Each line from the one that contains "This is the" through the last line of the listing below is to be returned exactly as it stands, and nothing else.

# # #

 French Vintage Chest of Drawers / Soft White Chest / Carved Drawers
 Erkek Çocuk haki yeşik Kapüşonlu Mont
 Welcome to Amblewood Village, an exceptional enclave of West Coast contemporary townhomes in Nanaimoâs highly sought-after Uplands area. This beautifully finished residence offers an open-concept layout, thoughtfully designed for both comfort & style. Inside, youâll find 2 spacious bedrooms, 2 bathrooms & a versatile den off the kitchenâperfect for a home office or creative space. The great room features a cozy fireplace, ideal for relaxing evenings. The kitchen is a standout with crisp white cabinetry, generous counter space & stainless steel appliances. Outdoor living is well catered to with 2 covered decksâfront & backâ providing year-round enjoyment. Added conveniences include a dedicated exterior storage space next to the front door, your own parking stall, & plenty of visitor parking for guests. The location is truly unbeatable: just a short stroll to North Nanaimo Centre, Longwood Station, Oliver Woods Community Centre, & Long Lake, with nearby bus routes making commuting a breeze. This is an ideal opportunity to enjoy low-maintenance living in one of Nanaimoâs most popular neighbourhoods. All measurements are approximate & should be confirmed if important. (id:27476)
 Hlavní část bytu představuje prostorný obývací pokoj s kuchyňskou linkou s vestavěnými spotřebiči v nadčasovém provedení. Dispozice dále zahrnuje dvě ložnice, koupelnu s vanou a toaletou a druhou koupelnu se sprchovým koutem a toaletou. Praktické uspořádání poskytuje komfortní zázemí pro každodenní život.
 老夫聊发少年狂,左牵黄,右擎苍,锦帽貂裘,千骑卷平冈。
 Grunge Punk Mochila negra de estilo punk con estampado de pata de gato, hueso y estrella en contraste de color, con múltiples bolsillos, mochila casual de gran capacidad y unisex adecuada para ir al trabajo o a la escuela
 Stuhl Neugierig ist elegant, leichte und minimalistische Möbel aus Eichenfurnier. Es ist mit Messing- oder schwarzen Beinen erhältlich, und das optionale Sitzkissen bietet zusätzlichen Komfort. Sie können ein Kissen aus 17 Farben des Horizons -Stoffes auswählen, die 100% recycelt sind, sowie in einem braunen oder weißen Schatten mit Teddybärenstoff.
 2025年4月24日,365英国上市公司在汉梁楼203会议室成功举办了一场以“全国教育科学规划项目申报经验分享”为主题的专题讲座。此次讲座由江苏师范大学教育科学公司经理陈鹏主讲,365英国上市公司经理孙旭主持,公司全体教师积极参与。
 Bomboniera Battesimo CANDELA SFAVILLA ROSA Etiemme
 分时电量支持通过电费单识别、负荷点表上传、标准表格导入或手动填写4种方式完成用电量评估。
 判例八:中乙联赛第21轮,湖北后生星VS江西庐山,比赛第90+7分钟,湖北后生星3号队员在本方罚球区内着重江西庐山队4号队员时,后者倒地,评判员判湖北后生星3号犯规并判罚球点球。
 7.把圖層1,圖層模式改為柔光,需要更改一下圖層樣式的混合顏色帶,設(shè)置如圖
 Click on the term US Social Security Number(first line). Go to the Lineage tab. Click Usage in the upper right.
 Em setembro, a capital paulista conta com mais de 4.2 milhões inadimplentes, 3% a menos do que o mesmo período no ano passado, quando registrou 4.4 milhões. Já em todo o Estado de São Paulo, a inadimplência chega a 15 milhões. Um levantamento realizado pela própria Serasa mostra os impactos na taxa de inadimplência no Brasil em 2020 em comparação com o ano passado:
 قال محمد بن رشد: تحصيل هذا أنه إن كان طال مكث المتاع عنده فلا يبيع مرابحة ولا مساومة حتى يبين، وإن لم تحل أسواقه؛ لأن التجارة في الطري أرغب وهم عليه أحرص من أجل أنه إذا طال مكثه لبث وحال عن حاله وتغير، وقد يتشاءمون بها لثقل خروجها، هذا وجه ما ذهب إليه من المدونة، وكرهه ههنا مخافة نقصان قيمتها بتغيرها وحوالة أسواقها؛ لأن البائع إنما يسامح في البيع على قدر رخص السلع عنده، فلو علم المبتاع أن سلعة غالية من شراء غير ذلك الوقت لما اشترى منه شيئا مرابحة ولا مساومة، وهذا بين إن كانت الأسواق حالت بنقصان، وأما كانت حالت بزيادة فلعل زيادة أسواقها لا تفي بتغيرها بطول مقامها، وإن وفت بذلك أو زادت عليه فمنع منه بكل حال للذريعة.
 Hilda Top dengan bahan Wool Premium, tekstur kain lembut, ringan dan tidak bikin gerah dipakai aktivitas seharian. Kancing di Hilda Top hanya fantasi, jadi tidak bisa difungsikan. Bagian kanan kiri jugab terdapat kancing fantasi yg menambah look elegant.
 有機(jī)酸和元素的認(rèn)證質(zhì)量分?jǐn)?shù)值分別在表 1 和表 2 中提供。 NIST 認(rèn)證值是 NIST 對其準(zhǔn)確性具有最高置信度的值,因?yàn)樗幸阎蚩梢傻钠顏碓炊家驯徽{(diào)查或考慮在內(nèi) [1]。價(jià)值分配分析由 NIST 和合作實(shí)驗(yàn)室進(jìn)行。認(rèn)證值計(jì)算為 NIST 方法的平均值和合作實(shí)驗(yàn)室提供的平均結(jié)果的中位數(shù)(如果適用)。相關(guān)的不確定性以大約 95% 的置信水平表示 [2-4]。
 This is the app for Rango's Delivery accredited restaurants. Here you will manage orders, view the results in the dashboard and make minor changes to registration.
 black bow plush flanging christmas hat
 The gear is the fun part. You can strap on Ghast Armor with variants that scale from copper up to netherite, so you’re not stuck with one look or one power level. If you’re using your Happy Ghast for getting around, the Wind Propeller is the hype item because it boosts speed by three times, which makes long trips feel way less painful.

# # #

Output for this task ::
 This is the app for Rango's Delivery accredited restaurants. Here you will manage orders, view the results in the dashboard and make minor changes to registration.
 black bow plush flanging christmas hat
 The gear is the fun part. You can strap on Ghast Armor with variants that scale from copper up to netherite, so you’re not stuck with one look or one power level. If you’re using your Happy Ghast for getting around, the Wind Propeller is the hype item because it boosts speed by three times, which makes long trips feel way less painful.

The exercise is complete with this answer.